Je ne saurais être suspect de sentiments antisémites ; comme tous les honnêtes gens de mon pays en qui la passion religieuse ou politique n’a pas obscurci le sens critique, j’ai combattu pour la justice lors de la grande crise, et combattu de manière à ne recevoir que des coups, pas autre chose… Je n’ai pas changé d’opinion ; je n’en changerai jamais ; les vérités du droit humain sont comme les vérités mathématiques, on ne peut les admettre un jour, les rejeter ensuite. Autant que quiconque je souhaite que les juifs marocains soient libres ; de même, je souhaite que tous les hommes de tous les pays soient émancipés. Mais je trouve excessif que l’Alliance israélite se moque de nous, comme elle le fait dans cette question du Maroc, et veuille, ainsi qu’en témoignent les faits, malgré nous, que nous fassions la guerre au sultan, et rende cette guerre fatale.

D’autant plus que, puissante comme elle l’est, un moyen beaucoup plus simple s’offre à elle de réaliser l’émancipation désirée. Obtenir que nous en donnions l’exemple. Les musulmans d’Algérie sont des sujets, qu’elle agisse de toute sa force pour que nous en fassions des concitoyens. Alors, mais alors seulement nous aurons le droit de demander au sultan qu’il n’y ait plus chez lui de différence entre les juifs et les musulmans.

Récemment une note a couru les journaux disant que les banquiers juifs français consentiraient à lancer pour la Russie un emprunt de deux milliards à la condition que les israélites de Russie seraient émancipés. Cette note destinée à préparer l’opinion ne fut pas démentie. Aujourd’hui on dit que c’est fait, que les Rothschild s’allient au tsar.

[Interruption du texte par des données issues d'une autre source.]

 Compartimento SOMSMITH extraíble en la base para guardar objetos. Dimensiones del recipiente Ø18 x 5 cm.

La banque juive a donc quelque force.

Nous paierons de notre or, peut-être de notre sang, l’émancipation du juif marocain, du juif russe. Je ne dis pas que ce soit trop cher en pensant que la liberté des juifs marocains et russes puisse être pesée en regard d’argent prêté, de sang versé. Non. Mais je persiste à dire qu’il serait beaucoup plus simple, au moins en ce qui concerne le Maroc, de donner l’exemple… en libérant nos sujets musulmans algériens des servitudes que leur impose la fidélité à leur religion. Tant que nous n’aurons pas fait de nos sujets musulmans algériens des citoyens français — ce qui ne nous coûterait rien — je ne comprends pas que l’on puisse invoquer une considération de droit quelconque pour me demander en faveur de l’égalité de traitement pour les juifs et les musulmans du Maroc un effort qui me coûtera.

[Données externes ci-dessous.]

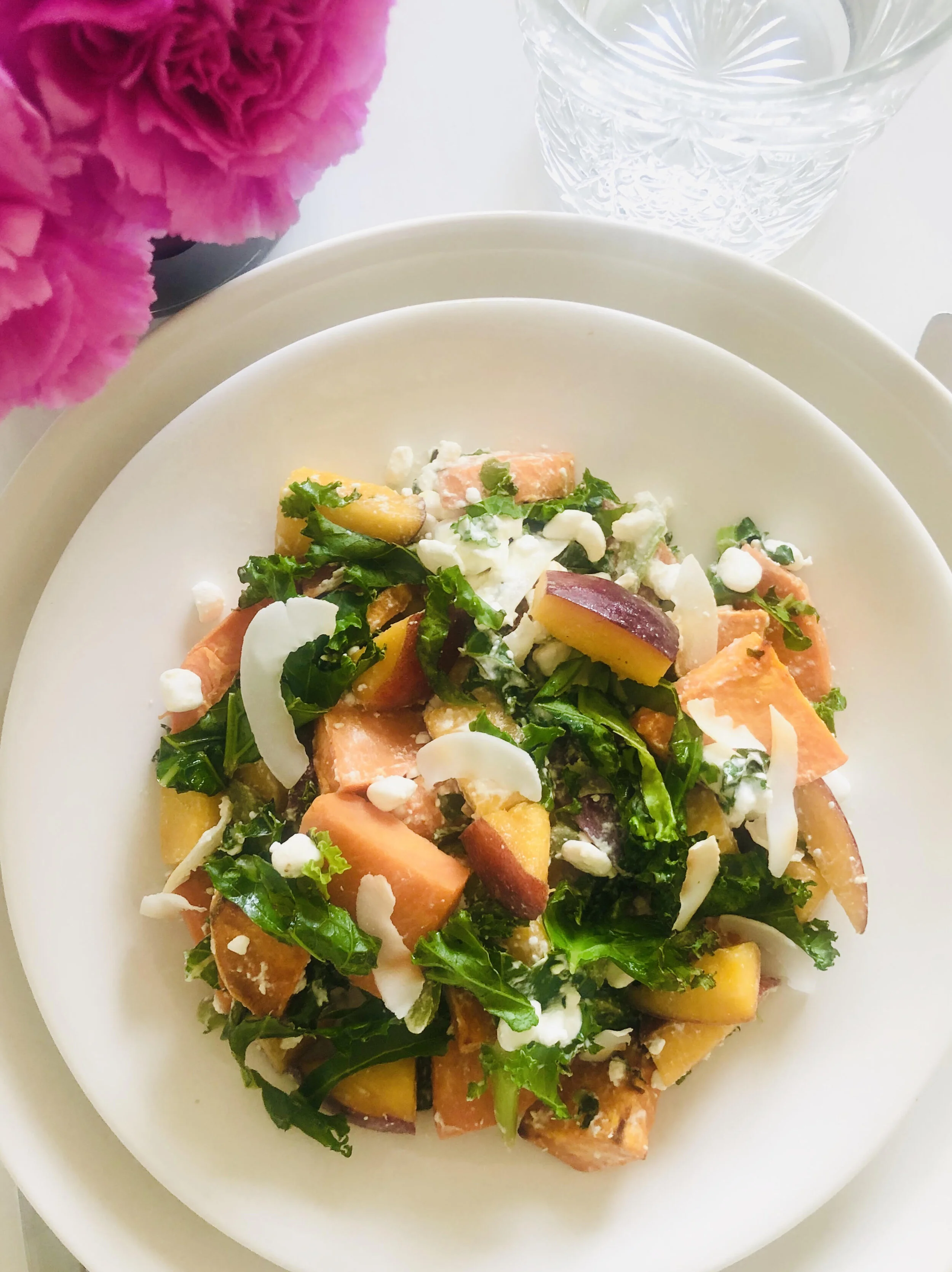 When the sweet potato is finished, add to the rest of the ingredients in the bowl. Keep the parchment paper on the baking tray and place the kale there, drizzle with the olive oil. Place in the oven (same heat as sweet potato) for about one minute, until its soft, not burned.

Cet effort, que M. Étienne annonçait le 18 juin 1903 au banquet de l’Union coloniale, comme une « œuvre de persuasion », c’est la guerre… et vous ferez la guerre… à moins que pour une fois les gens de raison comme moi… n’aient raison. Ce qui m’étonnerait. Car il y faut du temps. Et ceux qui criaient casse-cou, c’est généralement quand on se l’est cassé qu’on les croit.

  1. Ceci était écrit lorsqu’a paru dans le journal le Maroc français une très suggestive étude sur la question des juifs au Maroc, étude dont l’importance ne fut point appréciée comme il convenait par la presse quotidienne.